Oke, cukup. Ia tidak tahan lagi berada di sana dan menjadi seperti obat nyamuk. Atau seperti ban serep alias ban cadangan di mobil.

Jadi, sebenarnya apa yang sedang ia tunggu dan ia perjuangkan?

"Run, aku pamit dulu kalo gitu."

"Mau ke mana?" tanya Aruna dan Damar bersamaan.

Ngapain juga Damar sok ikut bertanya kepadanya?

"Mau balik ke rumah. Hari ini mesti masuk kantor," jawab Eryk datar, tanpa melihat sekalipun kepada Damar.

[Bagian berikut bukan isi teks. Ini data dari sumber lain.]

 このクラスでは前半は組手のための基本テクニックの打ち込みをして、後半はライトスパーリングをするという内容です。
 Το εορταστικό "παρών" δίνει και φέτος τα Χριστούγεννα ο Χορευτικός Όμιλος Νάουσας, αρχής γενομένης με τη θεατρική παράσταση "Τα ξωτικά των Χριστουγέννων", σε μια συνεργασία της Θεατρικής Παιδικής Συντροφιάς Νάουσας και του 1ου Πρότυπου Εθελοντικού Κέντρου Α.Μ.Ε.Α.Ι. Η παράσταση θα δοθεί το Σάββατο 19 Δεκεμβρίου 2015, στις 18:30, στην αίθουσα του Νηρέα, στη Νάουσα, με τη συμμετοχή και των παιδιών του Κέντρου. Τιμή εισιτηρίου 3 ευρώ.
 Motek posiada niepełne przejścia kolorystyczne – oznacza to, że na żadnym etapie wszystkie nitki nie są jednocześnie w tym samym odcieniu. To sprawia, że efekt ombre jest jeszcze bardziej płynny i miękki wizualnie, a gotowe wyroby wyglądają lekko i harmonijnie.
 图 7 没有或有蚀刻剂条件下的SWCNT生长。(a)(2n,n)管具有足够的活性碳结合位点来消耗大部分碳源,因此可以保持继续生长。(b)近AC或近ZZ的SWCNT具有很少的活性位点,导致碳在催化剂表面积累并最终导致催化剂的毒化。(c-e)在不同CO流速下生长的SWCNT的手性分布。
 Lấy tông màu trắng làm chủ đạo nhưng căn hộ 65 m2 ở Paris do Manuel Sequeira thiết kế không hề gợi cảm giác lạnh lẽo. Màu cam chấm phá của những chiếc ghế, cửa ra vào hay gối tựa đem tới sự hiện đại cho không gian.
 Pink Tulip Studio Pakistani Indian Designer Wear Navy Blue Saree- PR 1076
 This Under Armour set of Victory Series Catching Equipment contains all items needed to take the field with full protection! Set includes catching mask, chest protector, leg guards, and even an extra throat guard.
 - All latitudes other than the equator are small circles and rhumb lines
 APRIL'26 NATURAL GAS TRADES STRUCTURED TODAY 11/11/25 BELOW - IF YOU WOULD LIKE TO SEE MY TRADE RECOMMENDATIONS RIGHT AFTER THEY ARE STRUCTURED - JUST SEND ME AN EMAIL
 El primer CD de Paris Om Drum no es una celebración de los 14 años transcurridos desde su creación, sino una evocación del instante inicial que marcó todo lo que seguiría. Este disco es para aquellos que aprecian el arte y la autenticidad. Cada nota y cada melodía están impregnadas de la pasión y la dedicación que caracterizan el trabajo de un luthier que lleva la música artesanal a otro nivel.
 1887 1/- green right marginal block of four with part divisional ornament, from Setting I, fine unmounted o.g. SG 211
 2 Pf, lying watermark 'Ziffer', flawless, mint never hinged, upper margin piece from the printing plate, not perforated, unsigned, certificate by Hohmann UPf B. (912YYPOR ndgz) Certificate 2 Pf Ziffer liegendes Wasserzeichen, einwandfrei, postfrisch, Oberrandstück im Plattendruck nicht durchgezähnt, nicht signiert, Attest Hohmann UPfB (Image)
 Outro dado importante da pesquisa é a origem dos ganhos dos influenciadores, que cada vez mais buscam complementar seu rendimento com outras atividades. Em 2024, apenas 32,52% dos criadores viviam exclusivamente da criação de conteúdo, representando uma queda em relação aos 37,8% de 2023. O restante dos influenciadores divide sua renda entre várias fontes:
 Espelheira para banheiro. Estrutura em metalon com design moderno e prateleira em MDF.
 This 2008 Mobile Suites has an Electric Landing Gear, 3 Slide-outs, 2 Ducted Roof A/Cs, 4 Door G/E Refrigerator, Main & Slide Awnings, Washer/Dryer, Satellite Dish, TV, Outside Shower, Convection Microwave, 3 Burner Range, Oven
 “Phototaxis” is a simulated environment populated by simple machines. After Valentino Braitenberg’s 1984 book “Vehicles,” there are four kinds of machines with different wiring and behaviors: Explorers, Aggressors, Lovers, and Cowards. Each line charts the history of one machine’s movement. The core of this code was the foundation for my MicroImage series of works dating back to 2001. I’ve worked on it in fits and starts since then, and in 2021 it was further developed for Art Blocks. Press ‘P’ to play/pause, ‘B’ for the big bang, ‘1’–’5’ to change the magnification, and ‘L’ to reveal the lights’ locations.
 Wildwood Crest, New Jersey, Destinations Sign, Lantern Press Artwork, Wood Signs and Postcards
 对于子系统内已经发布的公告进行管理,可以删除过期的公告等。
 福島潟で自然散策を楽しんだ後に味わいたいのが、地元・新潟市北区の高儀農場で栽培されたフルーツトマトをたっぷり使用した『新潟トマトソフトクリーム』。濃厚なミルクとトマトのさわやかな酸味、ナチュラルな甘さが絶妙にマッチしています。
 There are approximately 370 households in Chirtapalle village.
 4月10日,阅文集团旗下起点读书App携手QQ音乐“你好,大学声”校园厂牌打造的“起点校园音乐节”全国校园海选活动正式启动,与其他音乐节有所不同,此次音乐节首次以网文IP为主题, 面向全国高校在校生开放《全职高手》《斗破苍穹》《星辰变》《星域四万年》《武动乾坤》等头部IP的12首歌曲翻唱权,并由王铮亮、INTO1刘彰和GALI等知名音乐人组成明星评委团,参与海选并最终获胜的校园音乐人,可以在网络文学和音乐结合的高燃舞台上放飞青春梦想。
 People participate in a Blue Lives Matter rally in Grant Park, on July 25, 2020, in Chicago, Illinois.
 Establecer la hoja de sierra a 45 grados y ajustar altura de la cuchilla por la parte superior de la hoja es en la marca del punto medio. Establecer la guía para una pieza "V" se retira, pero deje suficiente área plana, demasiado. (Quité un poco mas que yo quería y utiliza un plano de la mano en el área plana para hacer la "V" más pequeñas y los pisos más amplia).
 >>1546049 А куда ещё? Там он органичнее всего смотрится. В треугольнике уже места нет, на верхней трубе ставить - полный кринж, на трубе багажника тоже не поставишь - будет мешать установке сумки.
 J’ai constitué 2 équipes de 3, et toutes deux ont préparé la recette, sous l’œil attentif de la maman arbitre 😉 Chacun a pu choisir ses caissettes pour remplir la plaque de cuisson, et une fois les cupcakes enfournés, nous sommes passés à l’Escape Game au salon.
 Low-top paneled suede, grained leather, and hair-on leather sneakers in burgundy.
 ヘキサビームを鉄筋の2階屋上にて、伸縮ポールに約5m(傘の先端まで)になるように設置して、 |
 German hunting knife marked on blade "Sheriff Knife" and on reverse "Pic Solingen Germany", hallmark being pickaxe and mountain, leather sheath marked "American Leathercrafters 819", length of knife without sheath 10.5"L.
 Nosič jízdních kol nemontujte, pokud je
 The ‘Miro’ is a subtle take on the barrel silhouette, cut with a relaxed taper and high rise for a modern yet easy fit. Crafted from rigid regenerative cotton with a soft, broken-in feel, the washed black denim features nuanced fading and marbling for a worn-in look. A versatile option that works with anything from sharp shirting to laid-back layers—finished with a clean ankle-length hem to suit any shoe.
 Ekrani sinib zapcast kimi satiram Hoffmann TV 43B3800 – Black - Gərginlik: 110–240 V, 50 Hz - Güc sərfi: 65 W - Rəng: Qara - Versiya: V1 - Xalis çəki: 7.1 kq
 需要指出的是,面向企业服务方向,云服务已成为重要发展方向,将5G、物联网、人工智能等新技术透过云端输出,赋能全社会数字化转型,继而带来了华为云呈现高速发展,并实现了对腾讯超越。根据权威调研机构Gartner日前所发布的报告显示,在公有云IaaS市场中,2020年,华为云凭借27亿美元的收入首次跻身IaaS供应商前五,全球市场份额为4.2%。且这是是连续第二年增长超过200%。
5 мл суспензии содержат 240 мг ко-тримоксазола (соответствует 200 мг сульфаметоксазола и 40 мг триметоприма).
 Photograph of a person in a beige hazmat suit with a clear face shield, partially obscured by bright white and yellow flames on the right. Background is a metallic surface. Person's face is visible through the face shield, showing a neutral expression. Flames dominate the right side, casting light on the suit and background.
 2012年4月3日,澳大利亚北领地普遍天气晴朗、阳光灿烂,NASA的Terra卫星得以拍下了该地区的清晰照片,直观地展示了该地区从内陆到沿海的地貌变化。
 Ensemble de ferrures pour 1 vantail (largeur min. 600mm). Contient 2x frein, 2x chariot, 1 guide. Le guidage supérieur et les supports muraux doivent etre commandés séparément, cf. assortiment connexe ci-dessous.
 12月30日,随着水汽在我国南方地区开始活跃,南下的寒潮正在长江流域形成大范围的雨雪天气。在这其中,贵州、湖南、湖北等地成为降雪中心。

"Tapi nanti balik ke sini lagi kan?" tanya Aruna, terdengar penuh harap.

"Iya, pasti." Eryk mendekat untuk mengusap rambut Aruna. Jika saja Damar tidak ada di situ, ia mungkin sudah bergerak mengecup kening Aruna, mengatakan kalau ia menyayangi Aruna dan akan segera kembali.

"Kabarin Denise juga, kali aja dia sempat ke sini." Aruna lalu cepat-cepat meralatnya. "Ya, nggak diberitahu juga nggak apa-apa. Pasti bakal canggung."

Eryk berbalik, tidak ingin lagi menyembunyikan perasaannya kini.

"Denise sudah kembali ke rumah orangtuanya."

Tanpa menunggu balasan dari Aruna, Eryk berlalu meninggalkan ruang perawatan. Ia memang tidak lagi mendengar suara Aruna memanggilnya untuk kembali.

Sudahlah. Ia tidak mau ambil pusing lagi.

***

DAMAR

"Udah." Aruna menggelengkan kepala, menolaknya menyuapkan bubur.

"Ayo sedikit lagi. Kamu baru makan dua suap."

"Aku nggak mau makan bubur lagi."

Berkali-kali Aruna mengatakan ia tidak menyukai makanan rumah sakit yang rasanya hambar di lidah. Bubur bukan makanan favoritnya, ditambah rasa bubur yang begitu minim bumbu.

"Bisa nggak, aku minta dirawat di rumah saja?"

"Saya sudah tanyakan ke dokter, katanya belum boleh pulang. Tunggu tiga hari lagi." Damar kembali membujuk Aruna supaya ia mau makan, paling tidak sekitar dua atau tiga suap. Jawabannya yang ia berikan saat Aruna meminta dirawat di rumah saja, segera ditanggapi Aruna dengan anggukan. Pagi itu Aruna bilang kalau ia akan berusaha menuruti setiap perkataannya. Soal bubur tadi pun, Aruna sempat menunjukkan keengganan, tetapi ia berusaha memakannya. Pada detik itu, Damar tidak lagi menawarkan bubur tadi, yang kini ia letakkan di atas baki.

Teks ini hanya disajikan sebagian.